Modern living subscribes to a plethora of toxins that we ingest and are exposed to through our foods and environment requiring significant anti-oxidant retaliation. Consider this relative to how the natural human electrical discharge mechanism between the ground and our bodies has become mostly obsolete. Until recently, throughout much of our human existence we walked barefoot and slept on the ground. Our shoes, particularly rubber soled, pose a barrier for this electrical conductance pathway. Furthermore, most of us are walking on artificial surfaces. There are many individuals who never or rarely experience barefoot contact on real earth. This is one of the reasons why walking barefoot on the beach is so enjoyable and relaxing for people. Not only are you experiencing wide open space (in contrast to the typical close-up, indoor, focal work we do on screens) and the natural multi-sensory rhythms of the ocean (as opposed to the artificial dissonance created by modern technological devices) but you are also absorbing electrons from the ground to neutralize free radicals in your body.

In the Journal of Environmental and Public Health, Chevalier et al (2012) describe in “Earthing: Health Implications of Reconnecting the Human Body to the Earth's Surface Electrons” the numerous health benefits of this phenomena. Such effects of “earthing” that have been demonstrated include beneficial changes related to sleep, pain, cortisol level, autonomic nervous system activity, immune function, osteoporosis, heart rate variability, hypercoagulable blood, and glucose regulation. In addition to personally sleeping on an earthing sheet, as a Physical Therapist I commonly recommend them to my patients, particularly those who are experiencing pain, inflammation, and have difficulty sleeping. Thus far, in addition to myself, my family, friends, and patients have reported significant improvements in these areas since incorporating earthing practices.

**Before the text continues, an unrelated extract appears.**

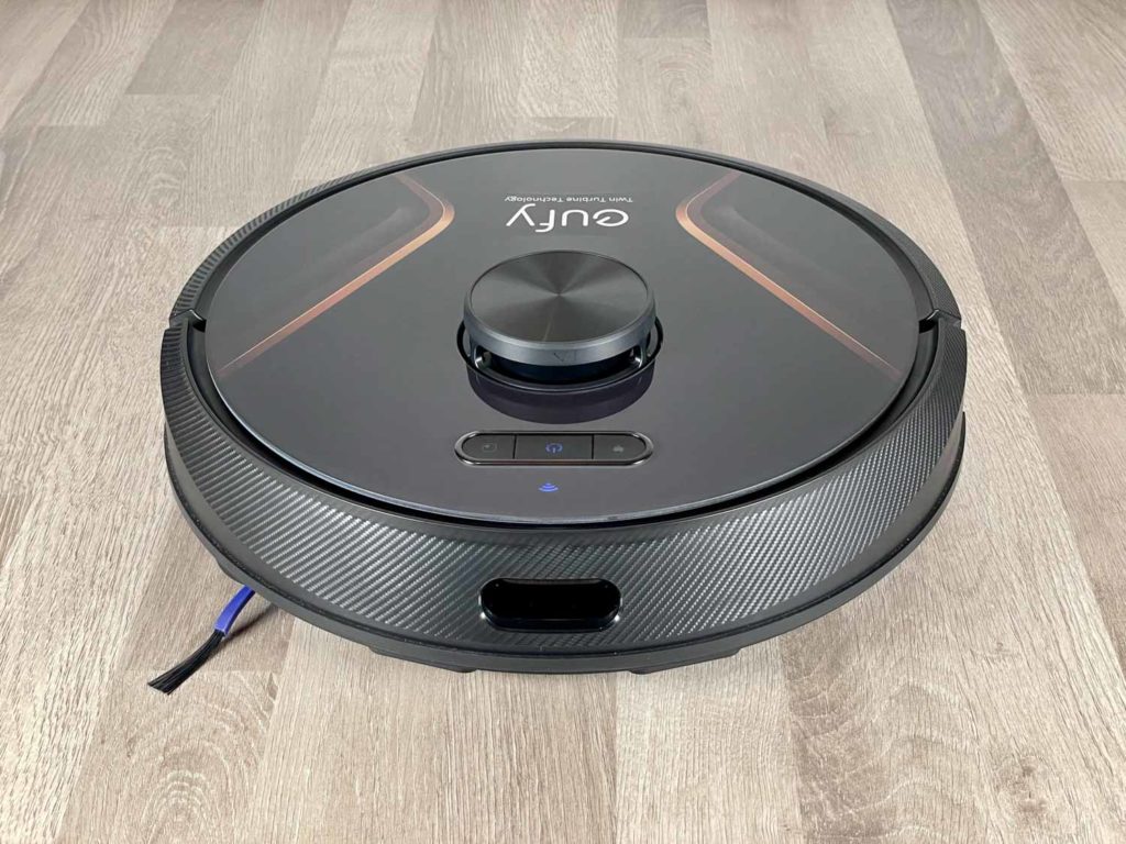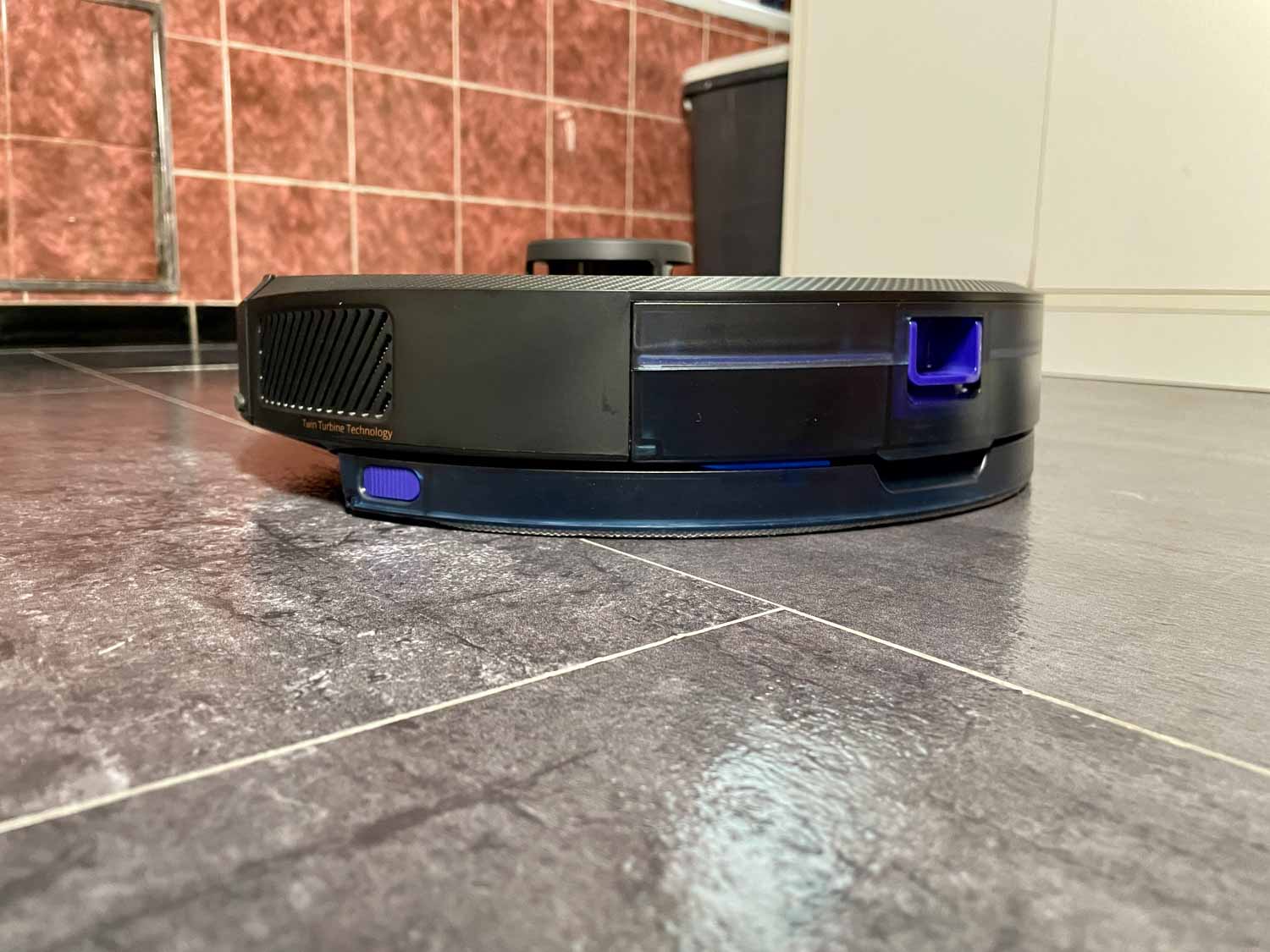 Auf der Vorderseite befindet sich der obligatorische Bumper, der mit einem Frontsensor und einem Wandsensor versehen ist. Zusätzlich ist auf dem Bumper, der eine Carbonoptik besitzt, eine Gummilippe aufgesetzt, die vor Schäden an Möbeln schützt. Seitlich befinden sich zwei Luftauslässe, die für die Abluft der zwei Turbinen zuständig sind. Am Heck erkennt man den eingesetzten Staubbehälter, der ohne großen Aufwand entnommen werden kann.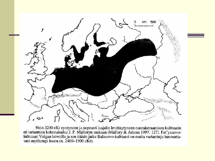 Neoliittinen kivikausi n Tyypillinen kampakeramiikka Suomeen ja Karjalaan n. 3 900 e. Kr. n Kampakeramiikka yhdistetään uralilaisia kieliä puhuneisiin väestöihin. n vasarakirveskulttuuri eli nuorakeraaminen kulttuuri Lounais-Suomeen n. 3 200 e. Kr. Ø yhdistetty ind. eur. kieltä puhuvaan populaatioon

From a postural perspective, “being grounded” means your body is authentically aware of where the ground is and its positional and gravitational relationship to it. This is the responsibility of our postural system which is primarily comprised of our visual, auditory, vestibular, and sensory-motor systems. Our postural system and essentially all of the systems in our body, work in the realm of patterns. Our brain-body is a dynamic habit centered organism. Furthermore, our neuromuscular system works in patterned “chains.” This means that groups of linked muscles fire together in synergized mechanisms to accomplish our functional needs to be upright against gravity and move. Our primal human essence of movement is walking which is comprised of two polar phases-being on the left leg and being on the right leg. This has an accompanying predictable neuromuscular firing pattern from the foot all the way up to the head including the visual and vestibular systems.  Each side is essentially a conjugate of the other with opposite patterns occurring simultaneously.  When the left leg is on the ground it is in the “grounded” phase when the right leg is in mid-air, and thus ungrounded. The opposite occurs for the right stance phase of gait.

Our postural system is intimately linked with our breathing (respiratory) system. Just like our alternating left/right walking, breathing also exhibits an oscillatory essence characterized by inhalation and exhalation. When we inhale the front of our rib cage elevates into external rotation as the diaphragm contracts and lowers. This is in contrast to exhalation where the front of the rib cage lowers. During exhalation the diaphragm relaxes as it returns to a upward domed position in apposition to the internal surface of the rib cage (referred to as the “zone of apposition”). Authentic and efficient breathing is characterized by being able to alternate between a full inhale when the diaphragm lowers and a full exhale where the diaphragm rises up into apposition with rib cage. This requires synchronized activity between the abdominal and pelvic floor musculature to control pressure and positional relationships throughout the trunk. These same muscular patterns are also involved in managing the process of walking. Therefore, how we breathe effects how we posture and move. Likewise, how we posture and move effects how we breathe.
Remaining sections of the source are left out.